Making sure the letters I’d read were all neatly back in the order I’d gone through them, I replaced the lid and exchanged the box for the one on the floor. Opening it I noted it contained some manila file envelopes and a stack of a dozen or so thick spiral notebooks like high school and college kids use for classes. I went quickly through the manila folders first, which contained a number of relatively short typewritten manuscripts of articles he’d apparently done for educational publications and a few short stories. From my cursory scan, they all appeared to be well written and seemingly very authoritative. Whether they’d been published or not, I couldn’t tell. Returning them to the box, I pulled out the stack of spiral notebooks, which I gathered were the book manuscripts. They were numbered, “1-9” and “1-4.” Neither book was titled, though the last page of notebook 4 had the word “Trash!” scrawled across it.
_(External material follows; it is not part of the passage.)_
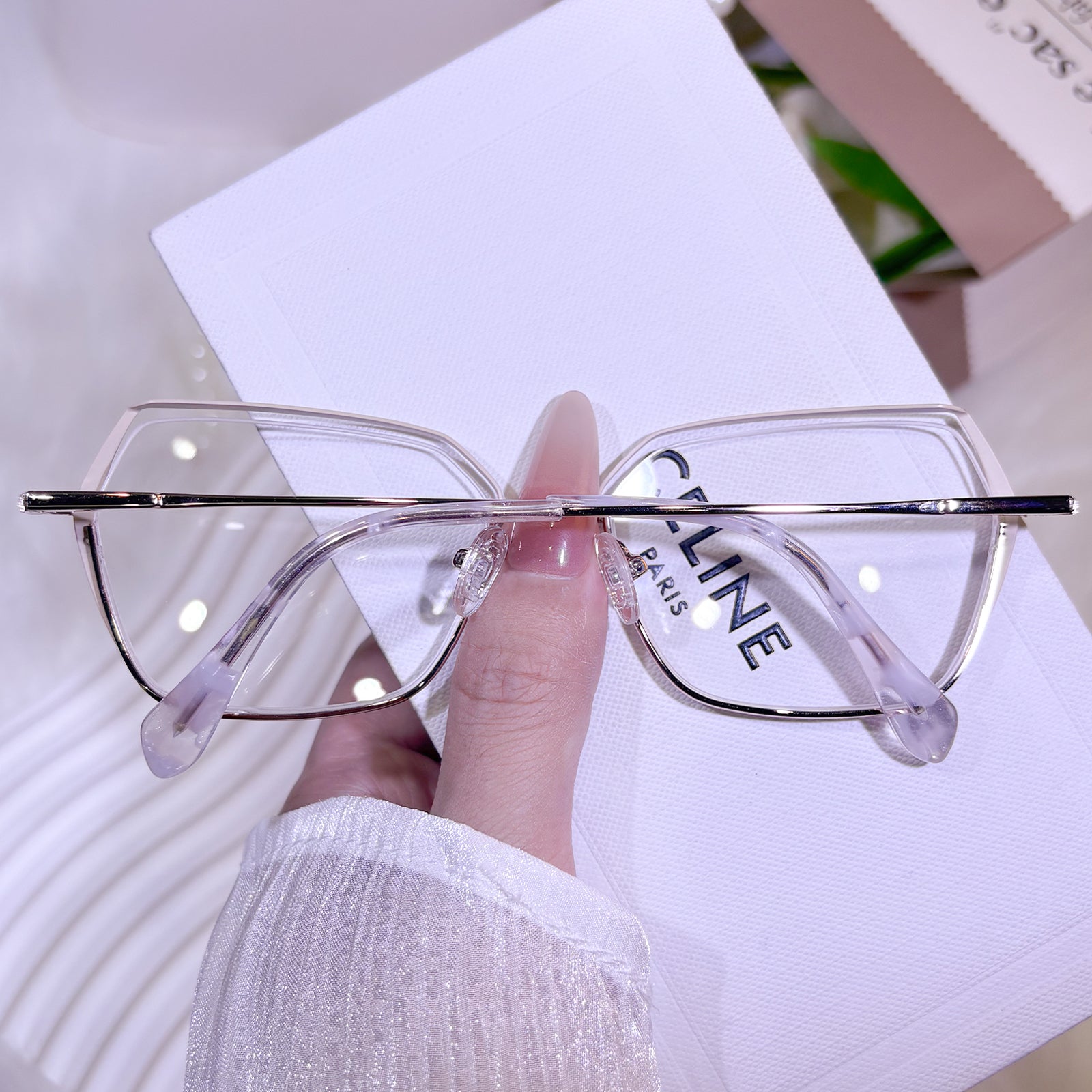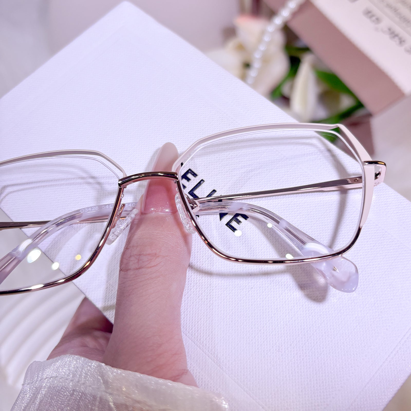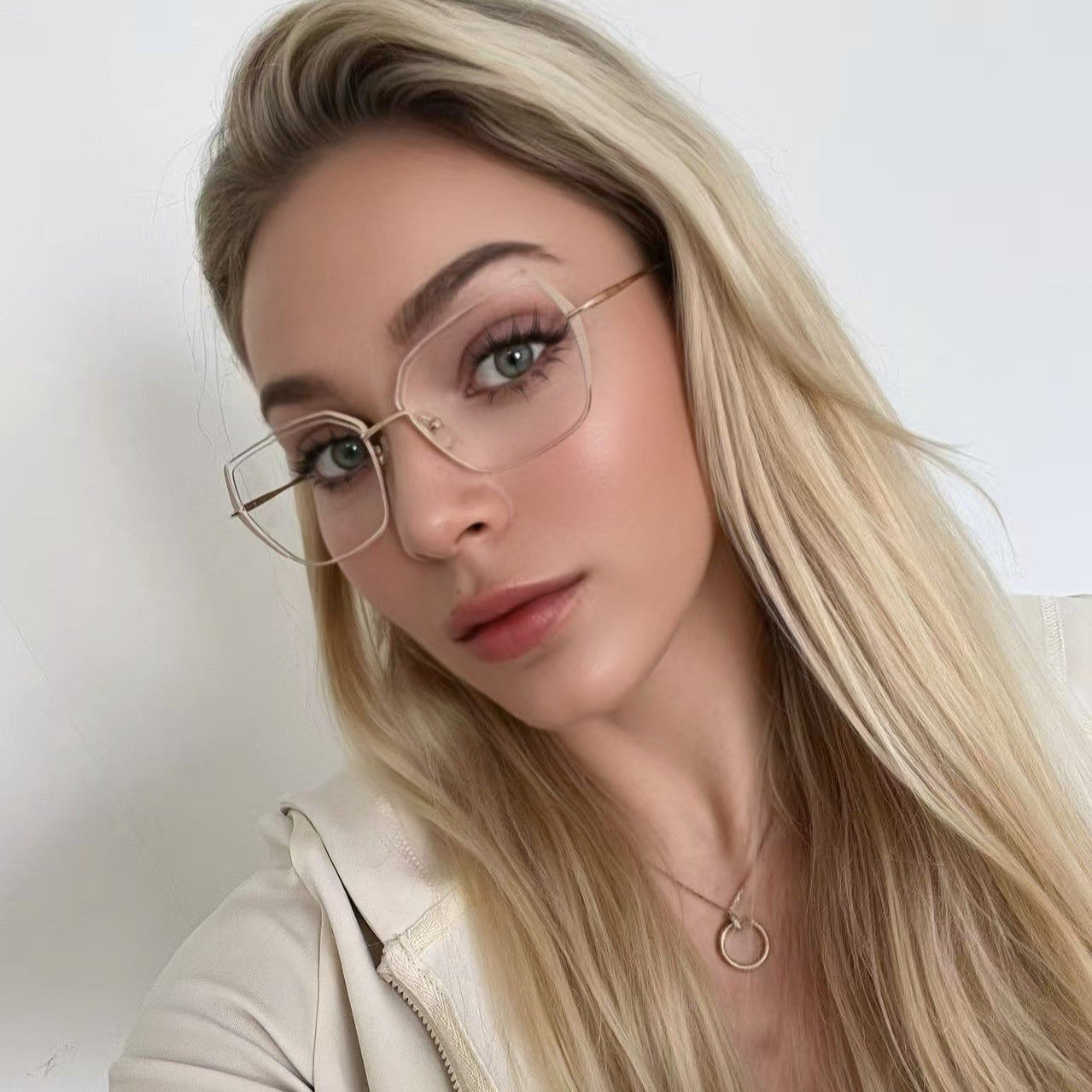 These beige geometric metal frame glasses blend minimalist design with refined elegance. The temples are smooth and luxurious, adding a subtle yet glamorous flair. Perfect for women who seek sophistication with a contemporary edge.
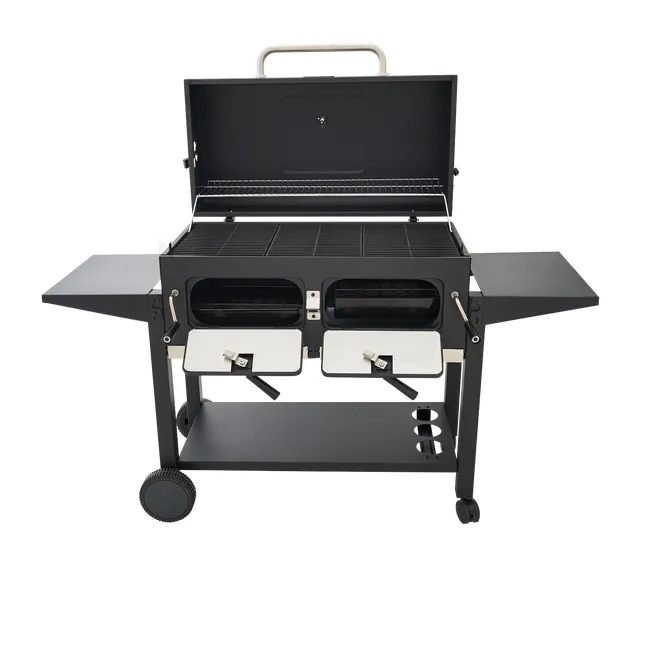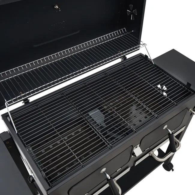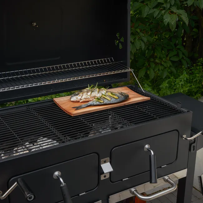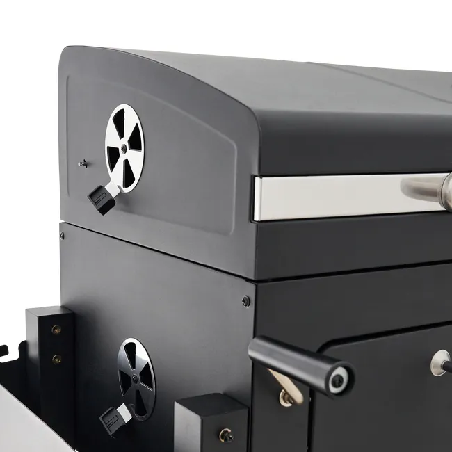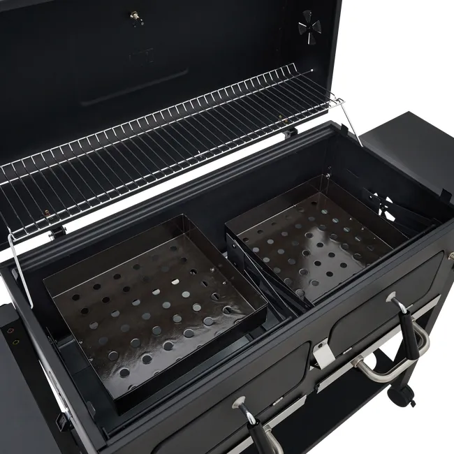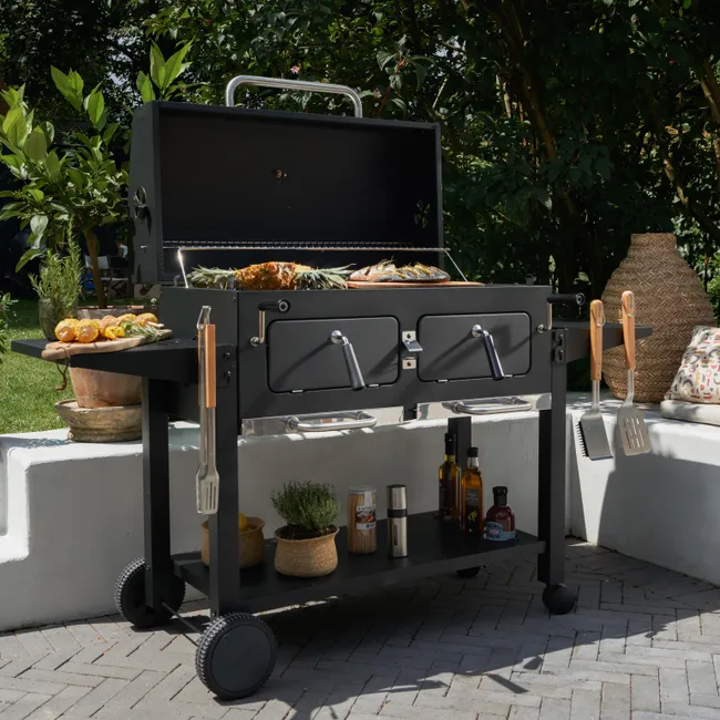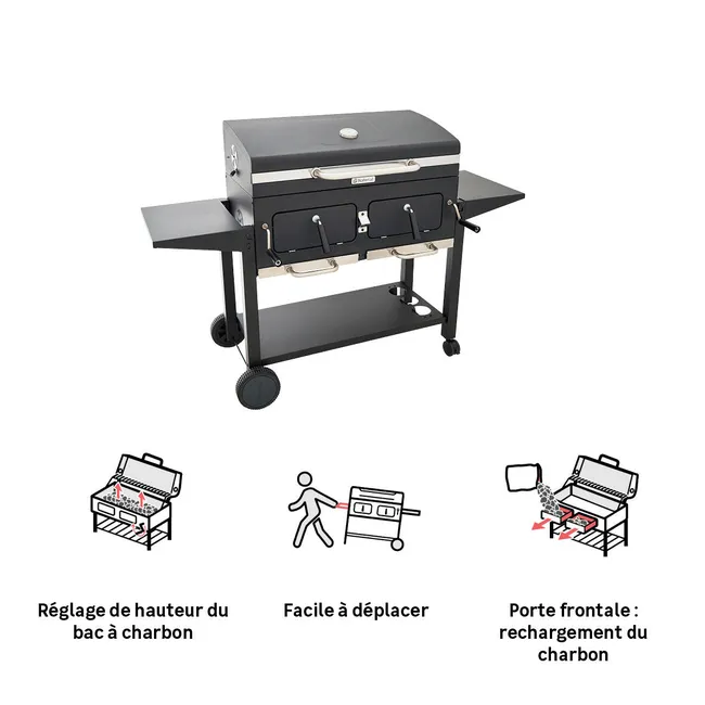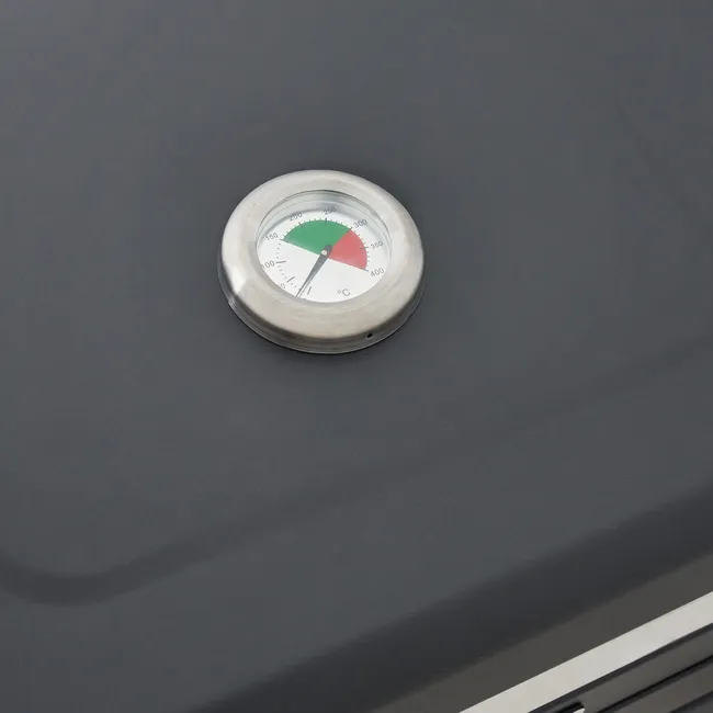 Perfeito para cozinhar para 12 a 15 pessoas, este barbecue tem uma grande superfície de cozedura de 82,5 x 41,5 cm, distribuída por três grelhas independentes. Pode ser utilizado como fumeiro graças à sua tampa fechada e o seu termómetro integrado garante um melhor controlo da temperatura. Com aberturas na tampa e na taça para uma melhor circulação do ar, inclui também uma grelha de aquecimento articulada para evitar que os alimentos caiam.

I had no idea if this was to be the title or whether it was Morgan’s assessment of his own work. Perhaps that was why there were only four. I started with notebook 1 and skimmed through it. The plot, from what I could tell, seemed to be along the lines of a 20th Century
The Scarlet Letter
…there was a conflicted preacher and a young woman and the overall impression I got was that while the writing was good, the plot and the characterization were…well, perhaps summed up by Morgan’s own note. There was no clue as to when it had been written.
The second, interestingly, appeared to be the narrative of a sailor returning from WWII to confront his domineering father’s plans for his future. Obviously it had been written sometime between 1945 and Morgan’s death in 1953. It was told in the third person and I assumed was fiction. From what little I read, it seemed to be really well done, in that I had to consciously pull myself away from it. Flipping through the last notebook, number 9, I saw the writing ended abruptly about two pages into Chapter 9. I kept thumbing through the blank pages, hoping there might be something else written there, but there was not. I did note that a couple of pages apparently had been torn out at the very end.